When I reached my fifties I began driving a cab and this is when the fun began.  Having a case of IBS with associated diarrhea  and sometimes needing four to five serious toilet stops made for some nail biting trips.  After these I would feel punched in the belly.  I give myself credit, I managed to keep on working in spite of this.  I put off taking a probiotic for years thinking it wouldn't help but was proved wrong.  After they began to do their magic I could occasionally have what I called purges, that is four to five toilet stops in a day but I didn't always have to run to the bathroom.  In fact, when I finished working eighteen months ago I felt that part of my anatomy had calmed down.  Foolishly two months ago I stopped taking the probiotics and the IBS has suddenly started again.  Not so much the rush to the bathroom but bowel spasms and pain after going.  I had a colonoscopy eighteen months ago and again six months ago and, typical of IBS, nothing shows as wrong.
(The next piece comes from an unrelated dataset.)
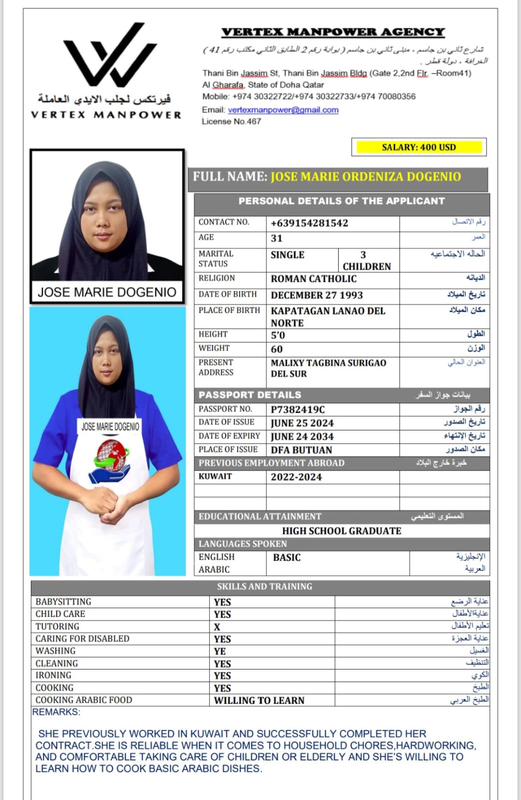 الاسم - عربي JOSE MARIE ORDENIZA DOGENIO

I honestly think that the human body is the most remarkable thing.  It is an incredible symphony of functions that mostly run smoothly without any interference from us.  That we have to put up with pain and discomfort when things are out of whack is the price we pay for being biological entities.  I have essential tremor in my hands, nothing serious but a nuisance.  I have reasonably bad eye floaters but my eyes are in good shape so the floaters are only a nuisance.  I have spectacular bunions that I refuse to have fixed as they don't hurt and they're so misshapen that each big toe will have to be fused to the foot and I'm not crazy about the idea.  The one thing that has bugged me all my life, however, is my gut.  It can take the joy out of a day and I know how many people out there have the same problem.  I'm not whinging on my own account, I'm just saying that I'm one more person out there with IBS and some other irritating conditions.

Thank God that in my sixty eight years these things are the worst that has happened to me.  Oh, I've had some psychological problems but most of us do.  I'm lucky to have all my limbs, my senses and my faculties but when people say that something is a pain in the butt, I know exactly why that expression came about.